With the NBA set to resume the season on July 31 with 22 teams, the league is reopening the transaction window, so that organizations can add or subtract players, or convert two-way contracts. The transaction window will open on June 22, and it will apply to all 30 teams, not just those who are headed to Orlando next month.

So it brings up an interesting question: Will the Warriors make any roster moves?

Dragan Bender and Chasson Randle will have their 10-day contracts expire, which means the Warriors currently have only 13 players under contract. They have two available spots to work with, should they choose to make a move.

Why would they make a move with no games left to play? Simple: To add players they may want to use next year before free agency.

Last year the Miami Heat added Duncan Robinson and Kendrick Nunn to their roster at the very end of the season, despite being out of the playoffs. Each player was signed to a multi-year deal with limited guaranteed money.
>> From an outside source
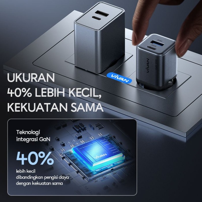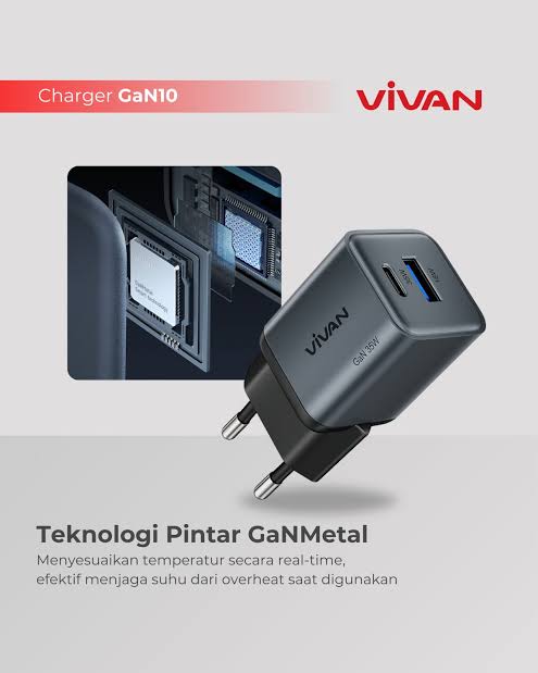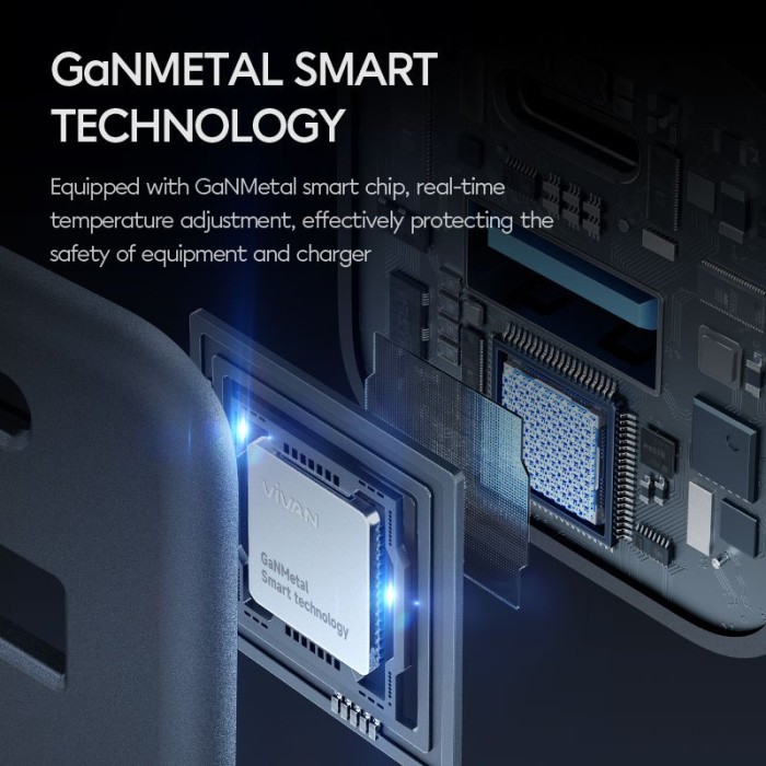 3. Menggunakan teknologi material GaN Metal (Gallium Nitride) - semikonduktor generasi keempat terbaru yang mendukung kinerja charger agar dapat menahan suhu tinggi, lebih kuat serta mampu mengisi daya lebih cepat dan efisien.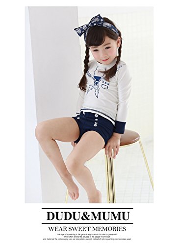 「楽々セレクトショップ」DUDU&MUMU正規品 可愛い子供用 水着 女の子伸縮性 水夫服 ガールズ キッズ 3点セット キャップ付き (120)

Nunn didn’t even play in a single game.

By doing so, the Heat retained the services to each player going into the 2019-20 season, and both players had huge roles on this year’s Miami team.

The Warriors can do the same. They can re-sign a player like Bender to a multi-year deal with no guaranteed money, or limited guaranteed money. They could sign a successful G League player, either from the Santa Cruz Warriors or from another team.

There are options. It’s not the flashiest move, especially with no games left on the table. But as Miami showed, it can make a difference.